### What you have to do
Exclude all pictures. Then restate, word for word, the entries from the first line through the line that contains "A test vázizomrendszerében".

--- Provided data ---

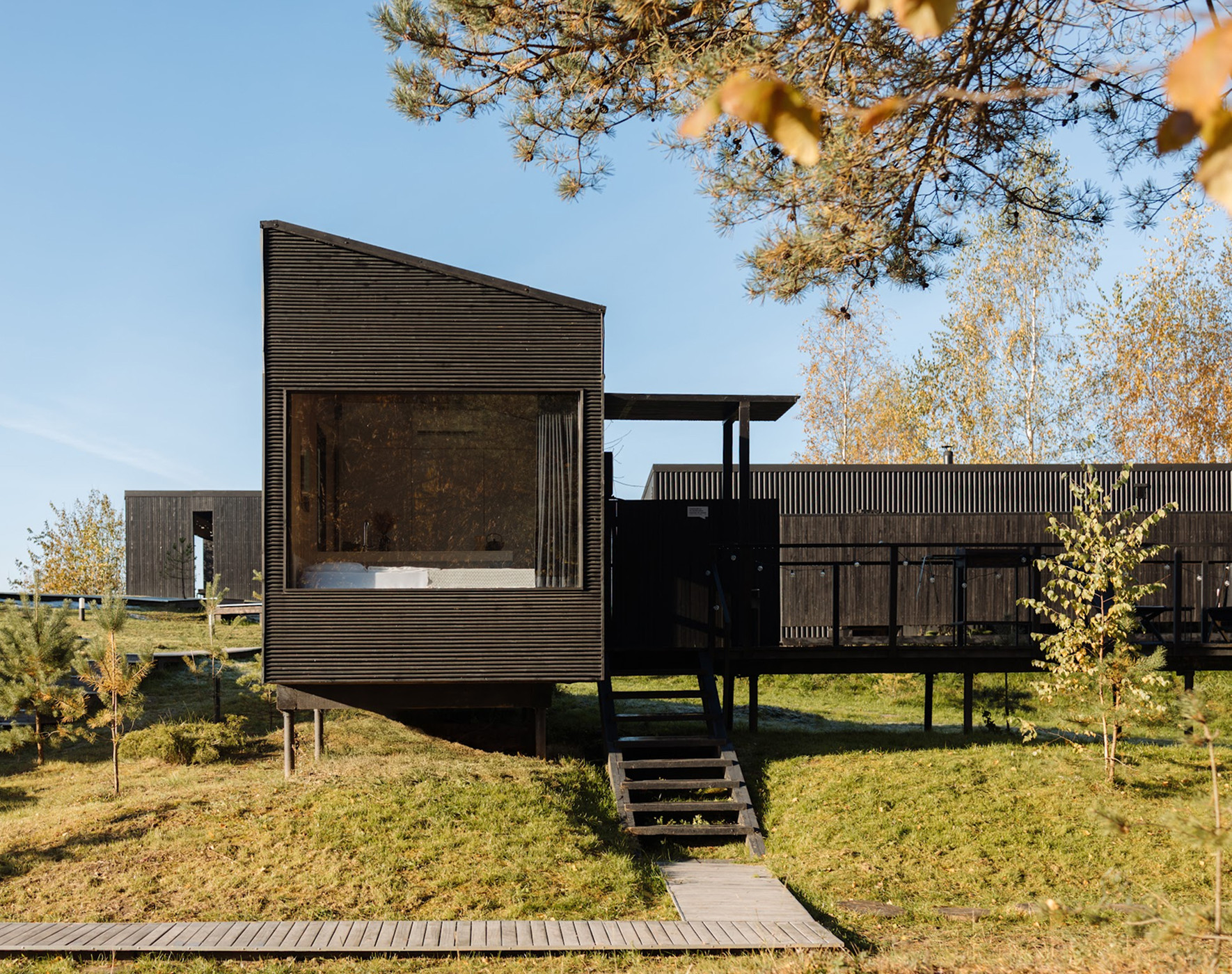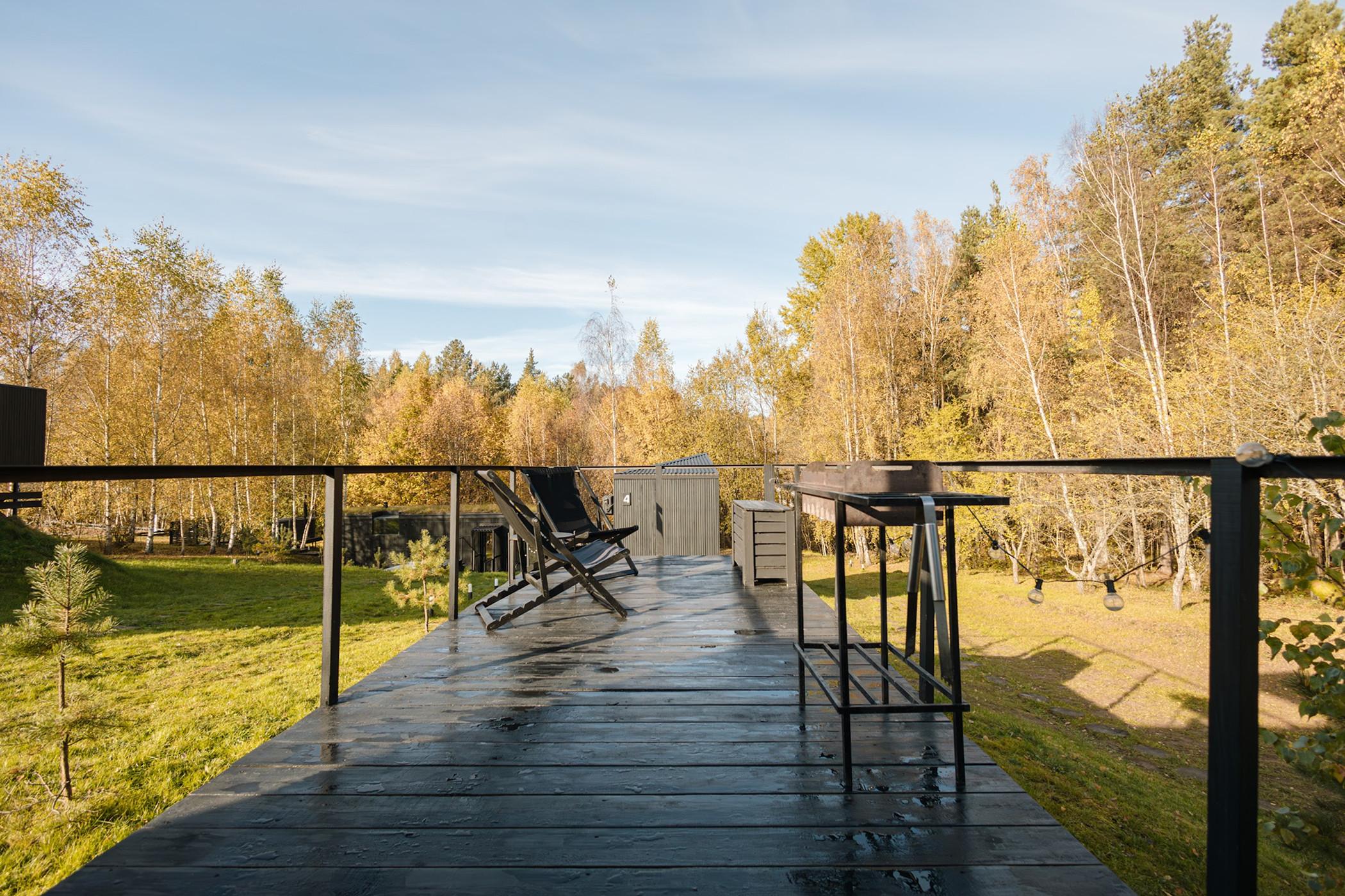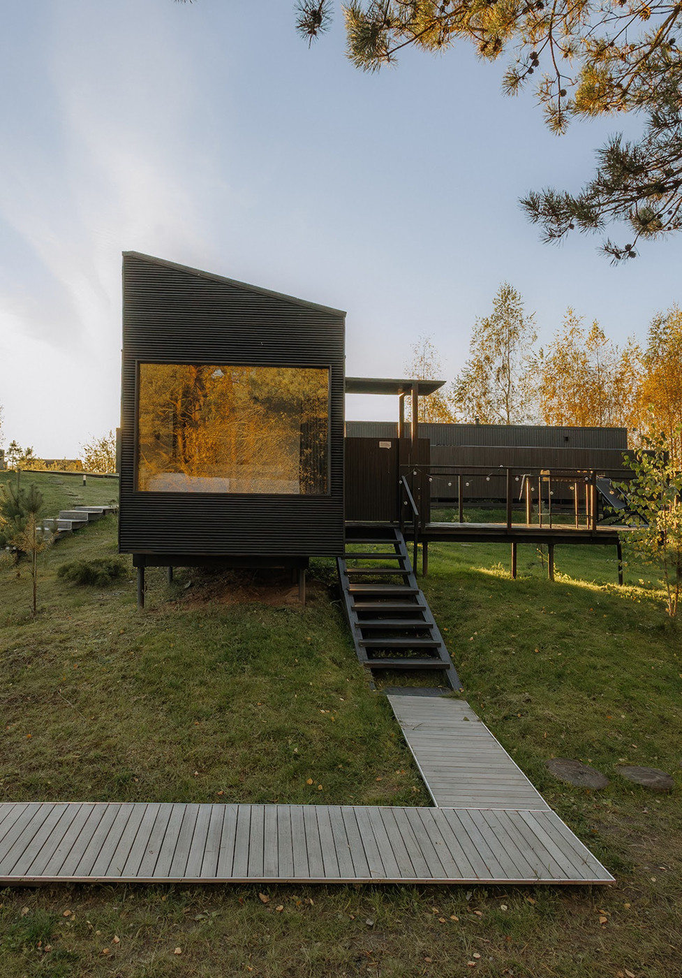 Компактный модульный домик для отдыха 1-2 человек. Домик включает в себя зону отдыха, кухню с обеденным местом, санузел, сауну и террасу открытого типа для барбекю.
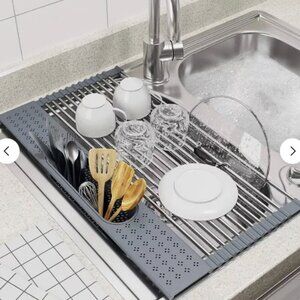 NEW! CW HOME Roll Up Dish Drying Rack over the sink stainless steel silicon
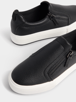 Step up your shoe game with our stylish slip-on platform sneakers. These sleek black shoes feature a comfortable design and trendy platform sole. Perfect for everyday wear, these sneakers will elevate any outfit. Treat yourself to the perfect blend of fashion and comfort.
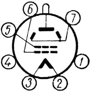 1 и 4 - свободные; 2 и 3 - катод (нить накала); 5 - вторая сетка; 7 - лучевые пластины. Верхний колпачок на баллоне - анод.
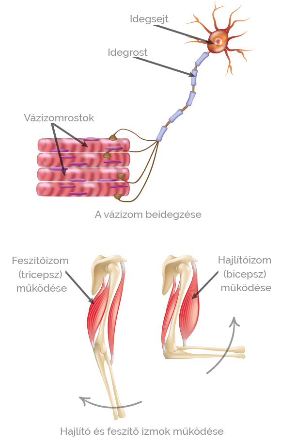 A test vázizomrendszerében találhatók olyan párok, amelyek működése egymással ellentétes mozgást eredményez, ilyenek a hajlító- és feszítőizmok. A végtagokban a hajlítóizmok működése során az ízületek behajlanak, a feszítőizmok működése pedig kinyújtja azokat.
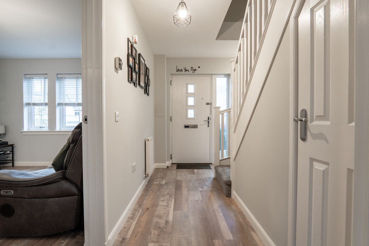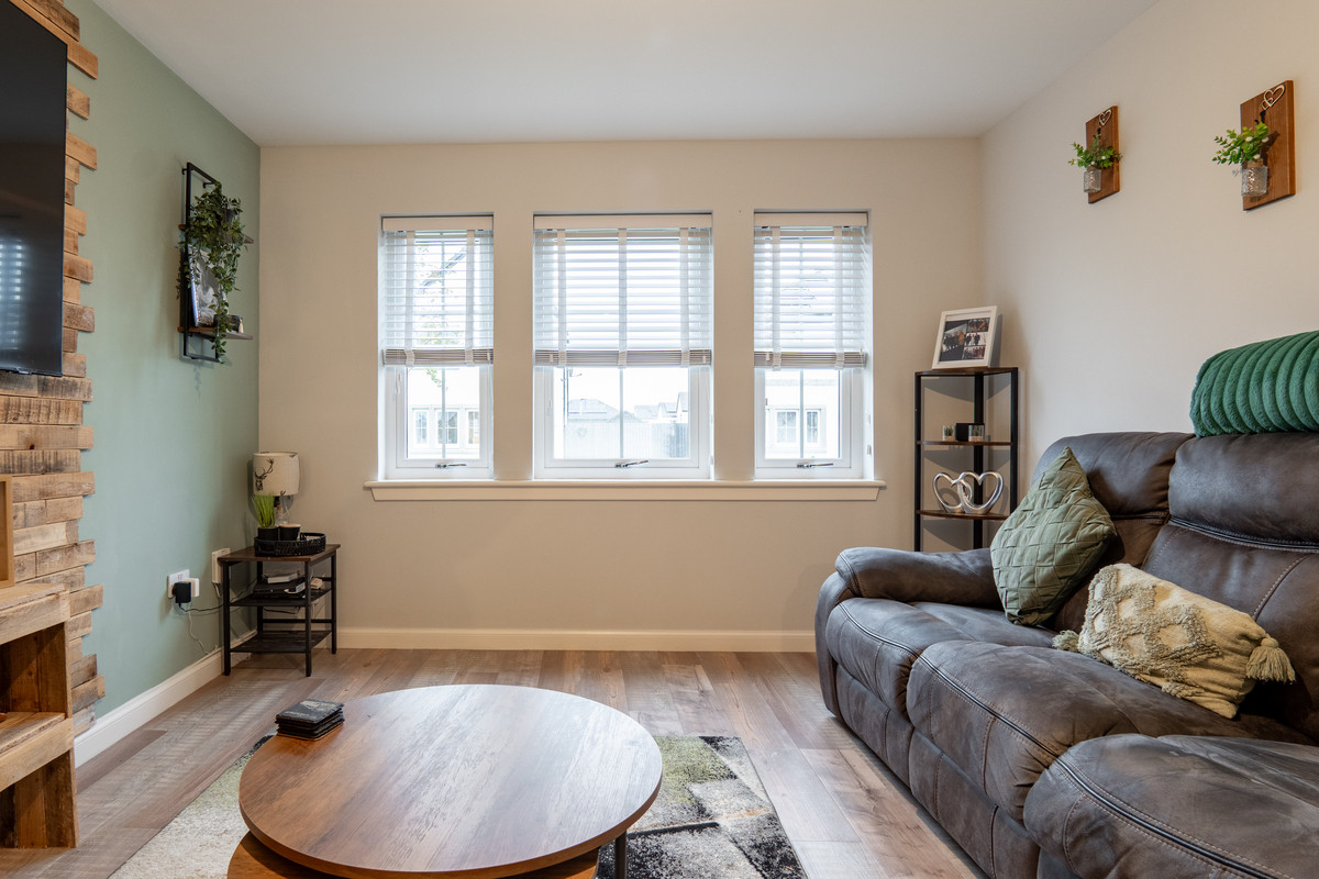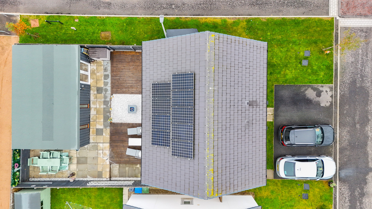 Heating is provided by a mains gas boiler housed in the utility room, supplying radiators throughout the home. The same boiler also delivers the hot water. Solar PV panels on the rear roof slope help improve energy efficiency, reflected in the property’s strong energy efficiency rating of Band B (88) – well above the Scottish average of Band D (61).
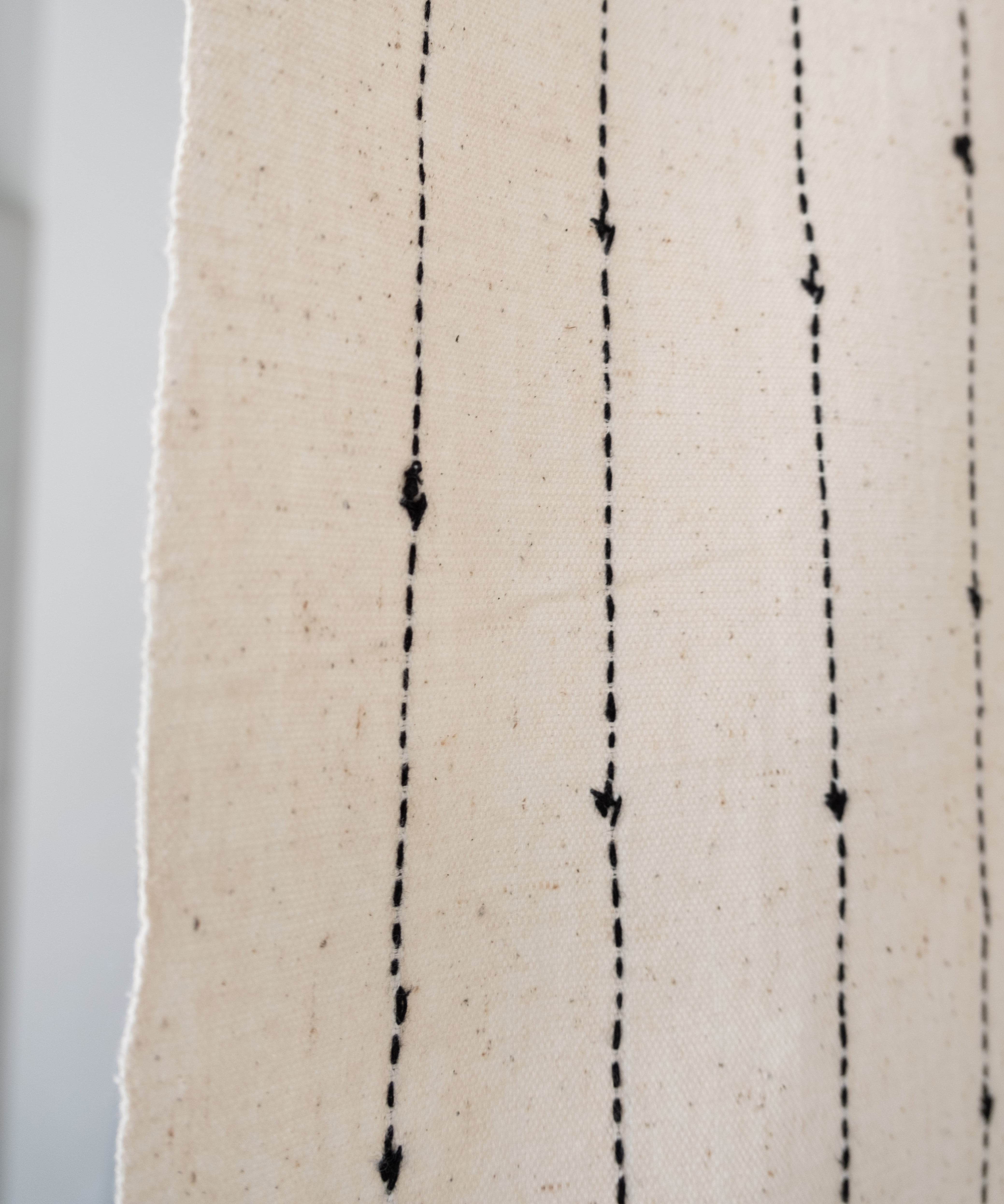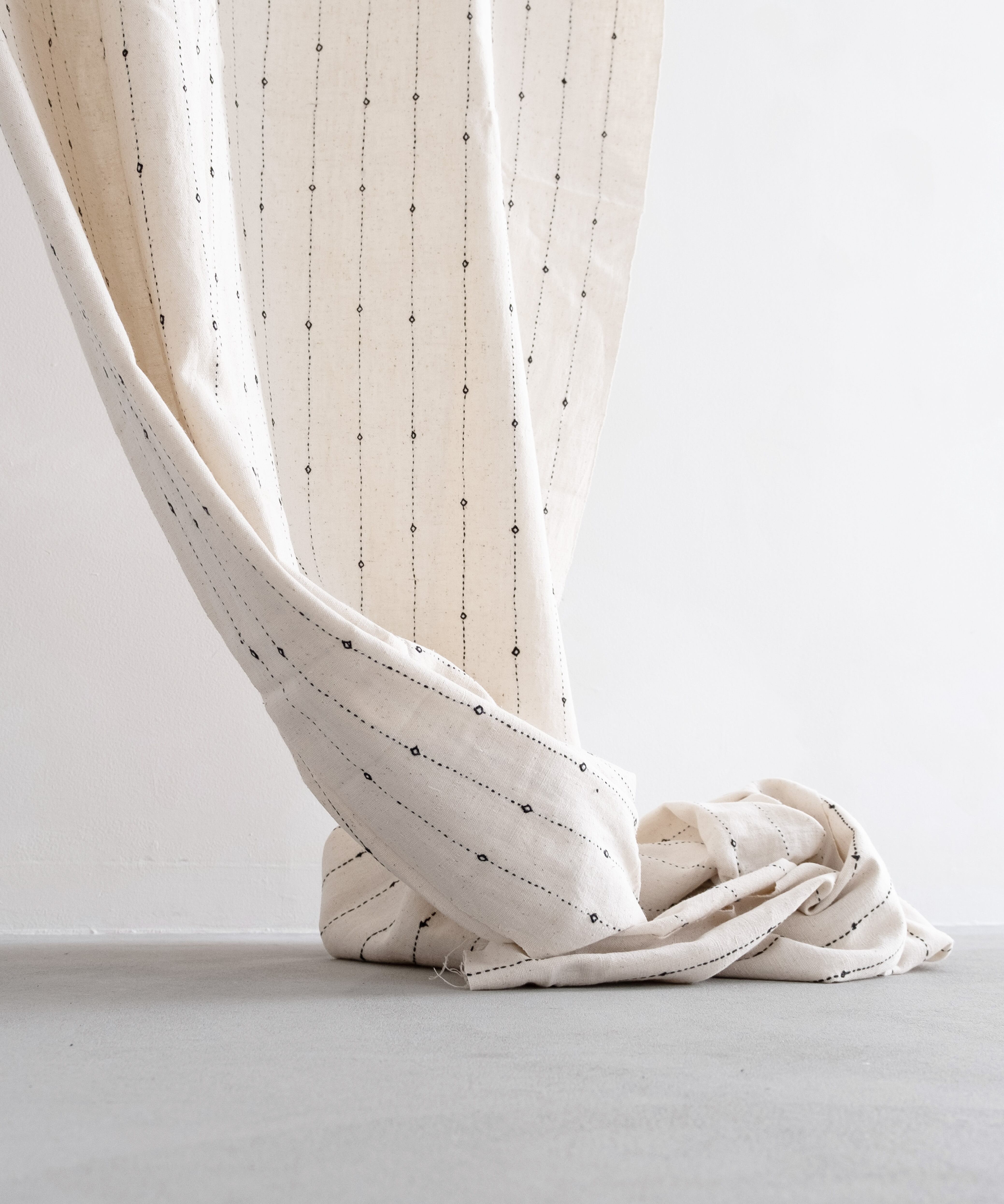 単位は50cmです。1mご入用の方は、数量「2」でご購入ください。 カッチ地方で育てられている、品種改良されていない原種の綿花「kala cotton(カラコットン)」を使用し手織りされた生地に、ラバリ族の女性たちによる手刺繍が施されています。 カラコットンは雨水のみでゆっくりと育ち、農薬も使用しないため、農夫の健康を損なうこともありません。 現代の職人たちのコラボレーションによって生まれた布です。 取り扱い上のご注意 手仕事の品のため、手洗いしてください。
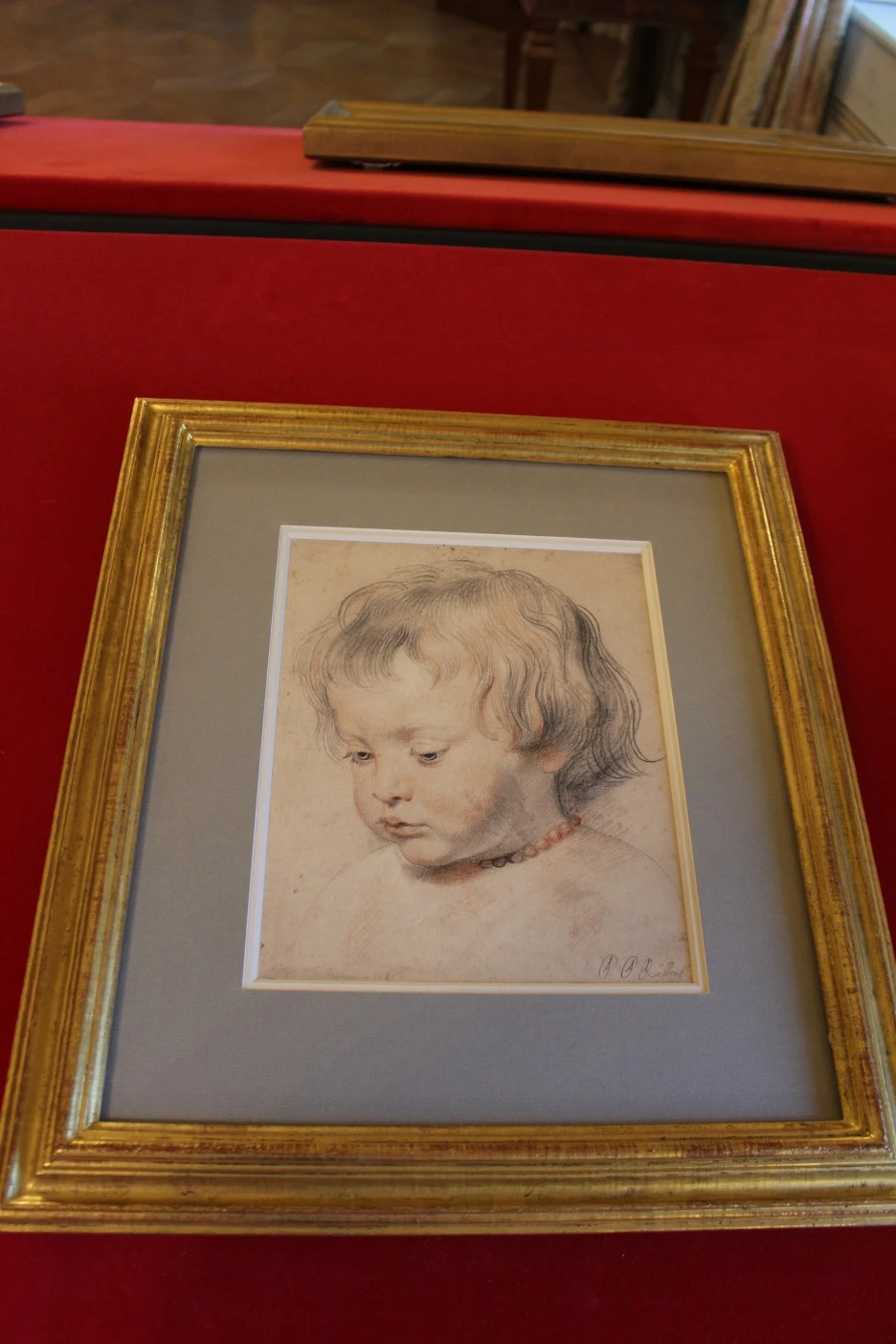 검은색, 붉은색 초크로 슥슥 그린 초상화인데 포동포동한 아이의 피부와 발그레한 뺨 등 생동감이 넘친다.

---

### Result of this exercise
 Компактный модульный домик для отдыха 1-2 человек. Домик включает в себя зону отдыха, кухню с обеденным местом, санузел, сауну и террасу открытого типа для барбекю.
 NEW! CW HOME Roll Up Dish Drying Rack over the sink stainless steel silicon
 Step up your shoe game with our stylish slip-on platform sneakers. These sleek black shoes feature a comfortable design and trendy platform sole. Perfect for everyday wear, these sneakers will elevate any outfit. Treat yourself to the perfect blend of fashion and comfort.
 1 и 4 - свободные; 2 и 3 - катод (нить накала); 5 - вторая сетка; 7 - лучевые пластины. Верхний колпачок на баллоне - анод.
 A test vázizomrendszerében találhatók olyan párok, amelyek működése egymással ellentétes mozgást eredményez, ilyenek a hajlító- és feszítőizmok. A végtagokban a hajlítóizmok működése során az ízületek behajlanak, a feszítőizmok működése pedig kinyújtja azokat.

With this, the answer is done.